The word the Athenians used for their Assembly was Ekklesia, the same word used in the New Testament for Church
(and it is the greatest philological irony in all of Western history that this word,
which connoted equal participation in all deliberation by all members,
came to designate a kind of self-perpetuating, self-protective Spartan gerousia -
which would have seemed patent nonsense to Greek-speaking Christians of New Testament times,
who believed themselves to be equal members of their Assembly.)

- Thomas Cahill, Sailing the Wine-Dark Sea: Why the Greeks Matter




ΦΙΛΟΤΙΜΟ: THE GREEK SECRET


Monday, January 28, 2008

Further Thoughts on the Passing of Archbishop Christodoulos

It is a shame that God didn’t grant Archbishop Christodoulos the years that were granted to Mormon President Gordon Hinckley (who died the same day); who knows what he might have further accomplished?

Within the ten years that Christodoulos presided as Archbishop of the Greek Orthodox Church in Greece, he transformed an institution that was largely taken for granted into a vital force in modern Greek life. "Championing a more liberal image for an institution often considered a bastion of conservativism, Archbishop Christodoulos enjoyed a popularity rating of nearly 75 percent - far higher than any Greek politician." (New York Times, 29 Jan 2008, p. A25)

With his perpetual smile, his witty “anegdota” (jokes) and his genuine joy in cheerfully embracing the youth of Greece – allowing and encouraging them to come to church services despite their sleeveless dresses, mini-skirts, jeans, and piercings – he succeeded in revitalizing the church in Greece.
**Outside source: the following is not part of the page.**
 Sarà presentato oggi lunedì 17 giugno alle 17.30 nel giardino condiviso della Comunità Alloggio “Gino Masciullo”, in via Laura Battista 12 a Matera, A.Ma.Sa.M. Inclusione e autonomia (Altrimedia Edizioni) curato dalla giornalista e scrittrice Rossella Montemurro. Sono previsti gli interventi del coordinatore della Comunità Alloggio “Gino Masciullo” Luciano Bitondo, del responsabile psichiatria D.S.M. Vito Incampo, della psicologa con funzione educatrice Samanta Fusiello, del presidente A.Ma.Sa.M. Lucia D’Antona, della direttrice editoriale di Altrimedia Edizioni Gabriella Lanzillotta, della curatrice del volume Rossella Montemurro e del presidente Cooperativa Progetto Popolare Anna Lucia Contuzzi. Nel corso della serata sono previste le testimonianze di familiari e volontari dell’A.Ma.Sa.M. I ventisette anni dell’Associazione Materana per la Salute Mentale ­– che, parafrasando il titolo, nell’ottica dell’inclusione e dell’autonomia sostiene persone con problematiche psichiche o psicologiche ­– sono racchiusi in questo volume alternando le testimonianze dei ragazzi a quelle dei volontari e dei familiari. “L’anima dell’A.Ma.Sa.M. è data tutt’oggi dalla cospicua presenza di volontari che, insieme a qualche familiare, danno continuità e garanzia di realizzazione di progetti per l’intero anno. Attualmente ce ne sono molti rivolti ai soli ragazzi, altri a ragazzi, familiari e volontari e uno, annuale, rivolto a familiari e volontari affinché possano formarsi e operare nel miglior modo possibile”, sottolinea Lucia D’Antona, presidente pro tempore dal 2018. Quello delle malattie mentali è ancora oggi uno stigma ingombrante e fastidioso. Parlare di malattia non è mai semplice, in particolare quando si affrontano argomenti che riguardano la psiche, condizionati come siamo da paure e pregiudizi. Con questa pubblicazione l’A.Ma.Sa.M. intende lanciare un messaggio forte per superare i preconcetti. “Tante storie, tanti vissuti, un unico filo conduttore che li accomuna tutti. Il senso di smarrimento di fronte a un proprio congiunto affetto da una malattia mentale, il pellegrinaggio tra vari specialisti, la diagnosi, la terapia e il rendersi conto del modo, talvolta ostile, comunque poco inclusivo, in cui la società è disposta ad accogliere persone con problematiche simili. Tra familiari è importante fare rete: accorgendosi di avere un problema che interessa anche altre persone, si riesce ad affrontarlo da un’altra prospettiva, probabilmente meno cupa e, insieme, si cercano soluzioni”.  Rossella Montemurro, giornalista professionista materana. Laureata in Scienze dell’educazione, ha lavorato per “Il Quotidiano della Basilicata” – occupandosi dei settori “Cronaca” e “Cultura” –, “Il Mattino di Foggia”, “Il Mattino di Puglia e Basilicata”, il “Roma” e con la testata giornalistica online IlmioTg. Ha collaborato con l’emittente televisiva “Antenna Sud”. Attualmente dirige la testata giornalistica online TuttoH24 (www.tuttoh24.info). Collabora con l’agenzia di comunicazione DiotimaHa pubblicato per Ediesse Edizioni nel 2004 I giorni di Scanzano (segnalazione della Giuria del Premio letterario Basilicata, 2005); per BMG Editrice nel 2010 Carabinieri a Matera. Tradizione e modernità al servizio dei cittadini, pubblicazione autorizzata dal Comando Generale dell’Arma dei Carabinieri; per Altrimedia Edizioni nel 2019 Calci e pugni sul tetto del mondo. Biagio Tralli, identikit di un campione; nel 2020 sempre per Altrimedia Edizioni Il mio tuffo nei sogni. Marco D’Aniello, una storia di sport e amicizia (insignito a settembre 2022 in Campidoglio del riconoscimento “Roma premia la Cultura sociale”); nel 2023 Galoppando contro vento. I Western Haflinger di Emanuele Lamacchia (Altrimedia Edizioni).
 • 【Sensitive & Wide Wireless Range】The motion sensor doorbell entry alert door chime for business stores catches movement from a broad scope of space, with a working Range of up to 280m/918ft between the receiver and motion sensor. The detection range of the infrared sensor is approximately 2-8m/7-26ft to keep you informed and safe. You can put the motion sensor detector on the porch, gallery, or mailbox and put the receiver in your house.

It is hard to imagine that this clergyman would have frowned upon young men, expressing “kefi” (a hard-to-translate Greek word variously described as meaning the spirit of unbridled joy, passion, enthusiasm and high spirits) by dancing “unauthorized” solos at the recent Greek festival.

Christodoulos would have embraced the “élan vital” – the life force so elemental to the Greek spirit – that precipitated the impulse. He would have considered it an expression of “Greekness” – an impulse that now and again breaks with discipline and structure in an expression of individual creativity and the simple joy of being alive. He certainly would have frowned upon the furor and antagonism that the incident has since generated, and undoubtedly would have considered its aftermath as a “tempest in a teapot.” He had balance and common sense.

He was the sort of clergyman who would have brought the kids into the church by any means possible: basketball, dancing, GOYA, the jokes, the smiles. At 2:00 a.m. last night there were long lines waiting to pay their respects as his body lay in state. It was amazing and heartening to see how many youths were among those waiting.

He presided over his flock with LOVE and smiles and tolerance, and all Greeks responded.